After going through phases of anger, grief, several tantrums and denial over world politics, our expat correspondent finally felt relief in the exhibition Actions speak louder than fonts! by Christine Wang at Galerie NAGEL DRAXLER Berlin. January 13 -March 4, 2017.
Opening just before Trump’s inauguration, in hard times, LA-based artist Christine Wang still has a healthy—albeit dark— sense of humor on controversial subjects like politics and rape porn.
Completely en vogue, in “Actions speak louder than fonts!” her post-internet large scale paintings on view at Galerie Nagel Draxler shared and crystallized the “sin of omission“ of contemporary liberal and right voices that voted, protested but mostly swiped, liked, and watched, during the US elections.
Though painting as a medium seems kind of outdated, and Wang’s last show used mostly renaissance-style gold leaf, in this exhibition the medium sets our times, becoming a super-size text-message with a neon, red, white and blue color palette. Bombarded by text in varying fonts on social media, advertisements or newspapers, her paintings function like an iconic giant screen or static gif. The layered fonts on each painting tell different opinions and conflicting narratives. But to be clear, Wang considers herself a performative painter rather than a first-person narrator. Her painting is a performance of attitudes.
Literally taking the lines from a cheesy instagram poet, proclaiming liberal solidarity post-Trump election, the painter yells on top of the smart phone screen in fancy cursive “F*** your hug, I want freedom.” Sometimes words and likes are just not enough. Paint on the other hand cements the layers and puts the foundations into question and can make the take-home message grander.

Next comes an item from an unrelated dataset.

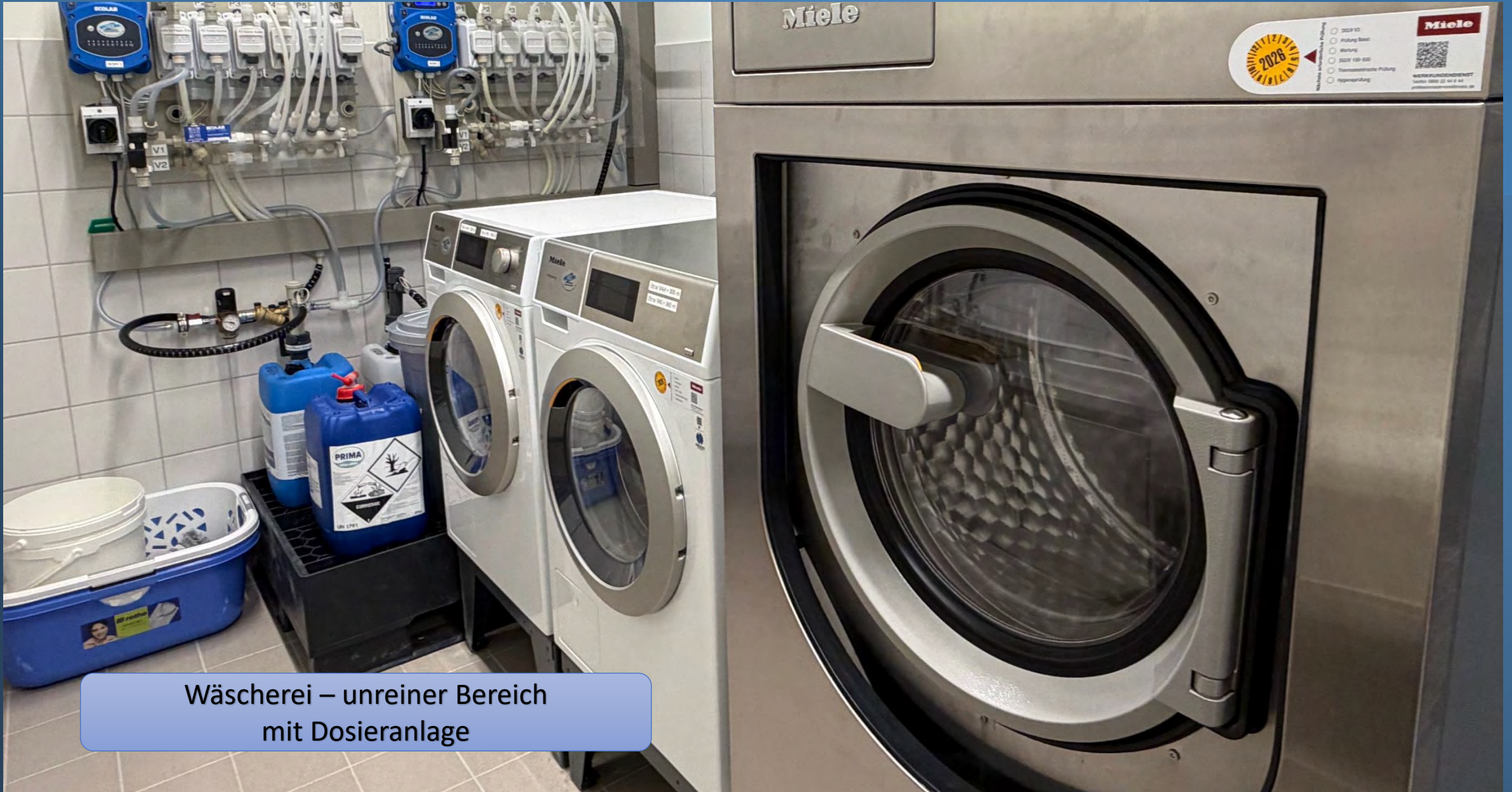
Wäscherei – unreiner Bereich mit Dosieranlage

Her insults are on target like sugarless advertising, hashtags or political slogans, for example, by writing “Trump Voter’s can’t paint” over the Beastie Boys Memorial which was sprayed with swastikas or by using the image from a German tabloid newspaper on Trump, reading “Bitte nicht den Horror Clown” (Please, not the Horror Clown), she over-paints in a Graffiti scrawl, “I didn’t vote”. Herein, she addresses the failures of right as well as the liberal voices in one paint brush stroke, bringing adverse social bubbles together.
Contradiction is at the essence of how her text and image relate. The canvas becomes a visual chat forum, word against word, font against font. Though “I love Rape Porn” does not condone rape, it turns the touchy subject into a statement, visualizing the painter’s own vulnerability as a touristic voyeur on the internet, messaged over these violent scenes. Her comments shed light on the lies behind consumer culture. A contemporary Marie Antoinette, wearing Nike could make similar quips, written on Chocolate Cake: “I can buy any cake I want” or on “Running Shoes are worth it”, depicting neon Flyknit sneakers.
Wang’s mediums unmask social hierarchies and status. By creating Skid Row scented candles, she wafts the fecal matter of an area in LA notorious for its terrible living conditions into the bourgeois household and life-style. There is a sharp irony to the tone of her gesamtwerk. What is seen and what is meant is not equal to an action but is a positioning. It makes sense that she does not believe in political art, “Art can’t participate as a citizen, my paintings can’t vote. It’s about getting better at being human,” she says, then laughs, “Some feed-back I received for the show was, ‘terrible paintings, good show’.” Though a back-handed compliment, these technically straight-forward projection-paintings read loud and clear, truly, bringing the dilemmas inherent in fashioning a contemporary, political voice to the point.